Abstract

Currently the best assessment of vitamin D status is the serum concentration of 25-hydroxyvitamin D (25(OH)D). Controversy exists as to what constitutes an adequate serum 25(OH)D concentration; in this literature review a sufficient concentration for all age groups was defined as >50 nmol/L (>20 μg/L).
Vitamin D deficiency, a serum 25(OH)D concentration of <25 nmol/L, is highly prevalent in India and China. It is also common in the Middle-East, where it is often related to clothing. One study found a mean serum 25(OH)D concentration of 32 nmol/L in Turkish females with a veil (hijab), while it was only 9 nmol/L in women who were completely covered with niqab. In Mongolia the prevalence of rickets was as high as 70%.
Within Europe vitamin D status is usually better in the Nordic countries than around the Mediterranean, despite sunshine and ultraviolet B exposure being higher in southern European countries. This may be due to a lighter skin, sun-seeking behaviour and a high consumption of cod liver oil in the Northern countries. In the UK the National Diet and Nutrition survey found 15–25% of the adolescent and young adult population tested to be vitamin D deficient: 20–35% of those over 85 y were also found to be deficient.

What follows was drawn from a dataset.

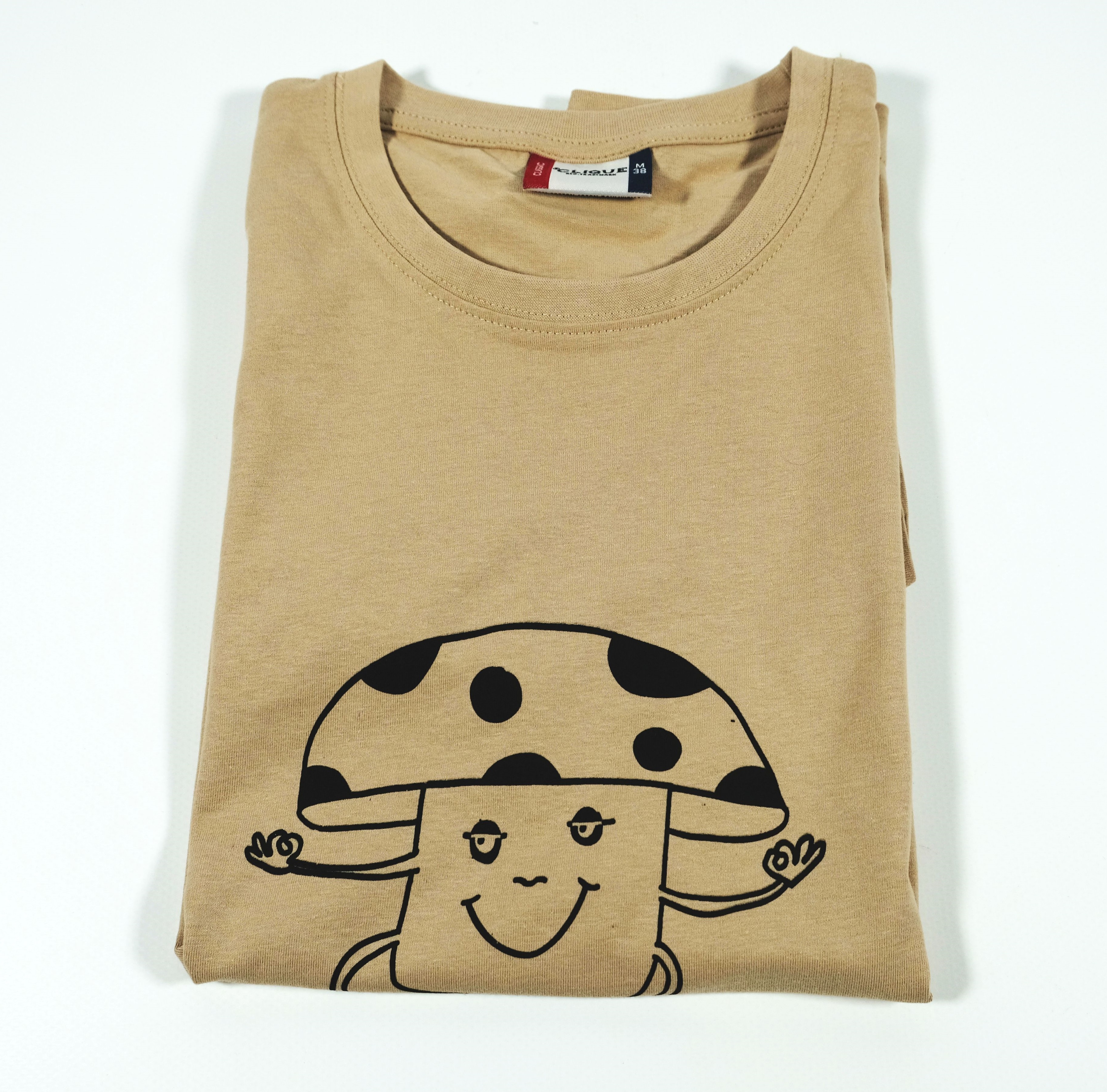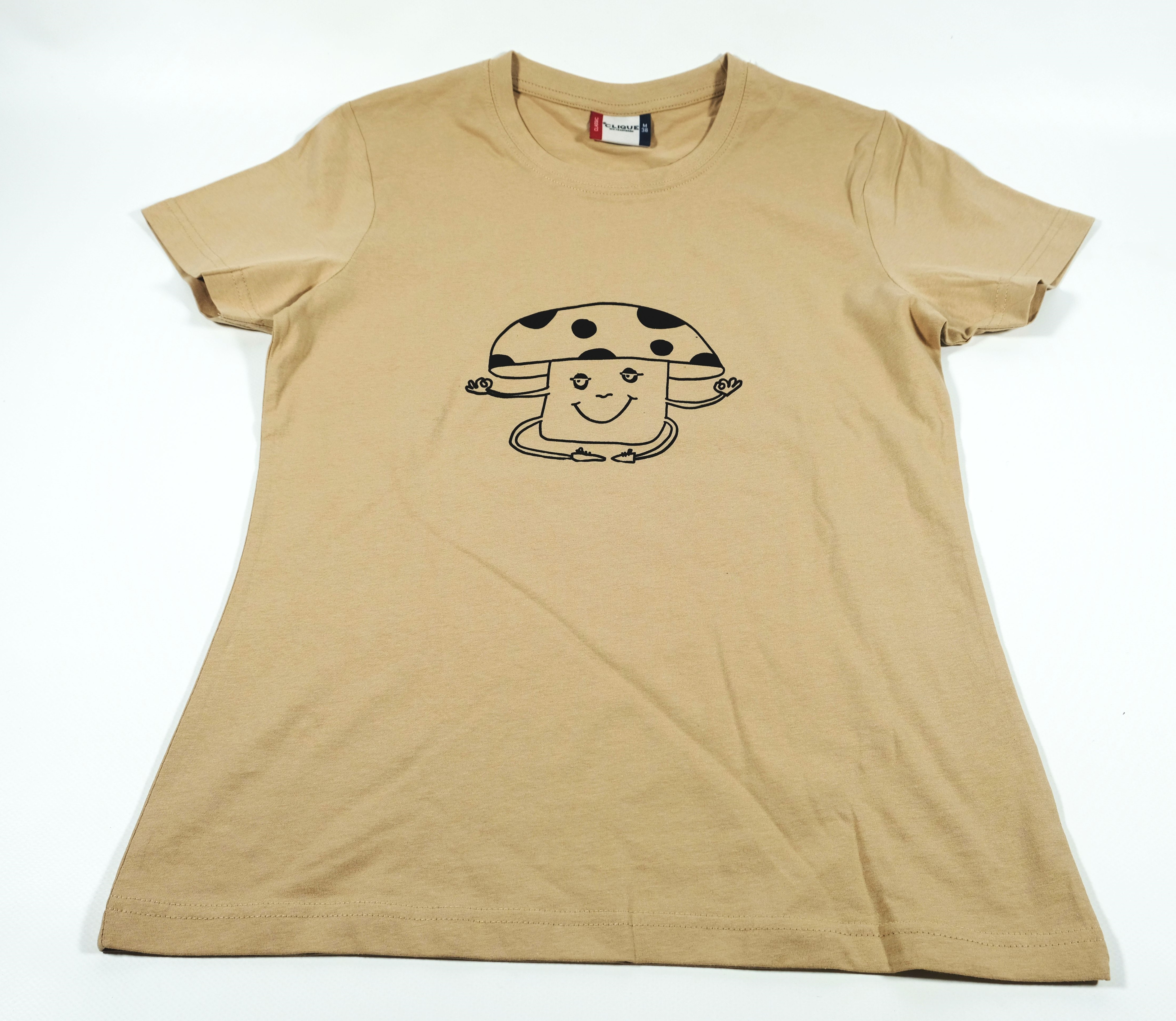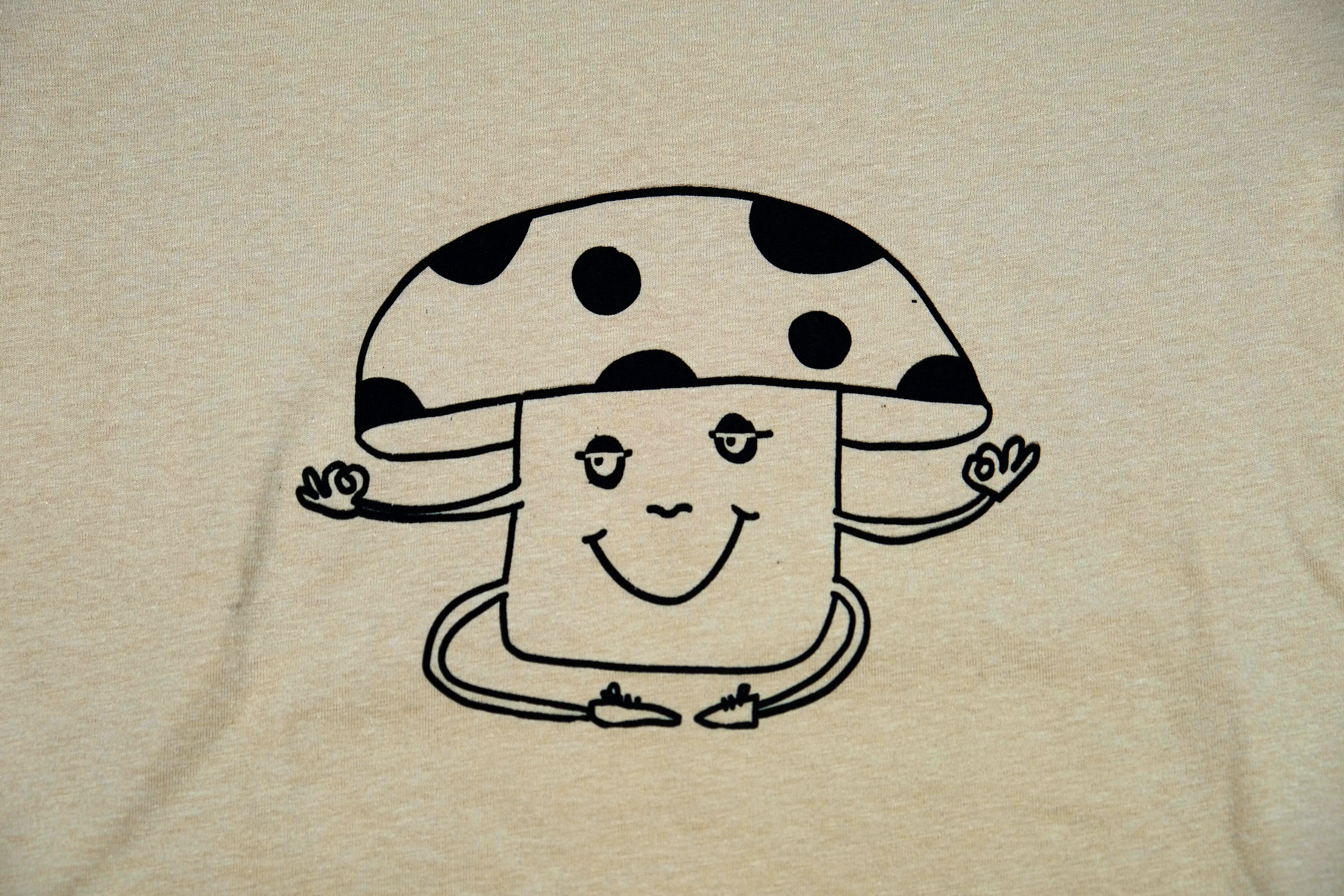 Das T-Shirt hat die Farbe Beige mit einem schwarzen Aufdruck. Der Aufdruck besteht aus einem Fliegenpilz, der eine Yogasitzhaltung eingenommen hat. Die Zeichnung wurde von unseren Klient*innen entworfen.

Overall, studies have shown groups at high risk of deficiency to include the elderly, especially if institutionalized, children, adolescents and young adults. Obesity is also an important determinant, and the trend of increasing body mass index in the Western world may further decrease vitamin D status. Nutrition and supplement use also influence vitamin D status as evident in the USA and Canada, where milk is fortified and the use of vitamin supplements is relatively common.
This review highlights the significance of vitamin D deficiency as a major public health problem worldwide, requiring urgent attention.